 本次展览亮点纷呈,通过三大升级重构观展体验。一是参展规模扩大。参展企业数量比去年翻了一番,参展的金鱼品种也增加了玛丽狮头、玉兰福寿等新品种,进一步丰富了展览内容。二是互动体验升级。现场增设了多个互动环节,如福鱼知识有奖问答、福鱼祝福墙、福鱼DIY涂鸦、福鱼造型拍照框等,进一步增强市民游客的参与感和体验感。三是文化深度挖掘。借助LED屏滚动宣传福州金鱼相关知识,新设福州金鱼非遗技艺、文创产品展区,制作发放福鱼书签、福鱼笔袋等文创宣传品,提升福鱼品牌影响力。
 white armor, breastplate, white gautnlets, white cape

--

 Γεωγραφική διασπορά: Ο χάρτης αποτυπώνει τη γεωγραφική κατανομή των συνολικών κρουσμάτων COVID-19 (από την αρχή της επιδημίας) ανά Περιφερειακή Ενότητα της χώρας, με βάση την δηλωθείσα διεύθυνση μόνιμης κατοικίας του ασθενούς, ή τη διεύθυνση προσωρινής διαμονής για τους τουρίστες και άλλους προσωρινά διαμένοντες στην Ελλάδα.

## Work request
Return only the lines between the one holding "本次展览亮点纷呈,通过三大升" and the one holding "white armor, breastplate, white", inclusive, exactly as they appear above.

## Answer space
 本次展览亮点纷呈,通过三大升级重构观展体验。一是参展规模扩大。参展企业数量比去年翻了一番,参展的金鱼品种也增加了玛丽狮头、玉兰福寿等新品种,进一步丰富了展览内容。二是互动体验升级。现场增设了多个互动环节,如福鱼知识有奖问答、福鱼祝福墙、福鱼DIY涂鸦、福鱼造型拍照框等,进一步增强市民游客的参与感和体验感。三是文化深度挖掘。借助LED屏滚动宣传福州金鱼相关知识,新设福州金鱼非遗技艺、文创产品展区,制作发放福鱼书签、福鱼笔袋等文创宣传品,提升福鱼品牌影响力。
 white armor, breastplate, white gautnlets, white cape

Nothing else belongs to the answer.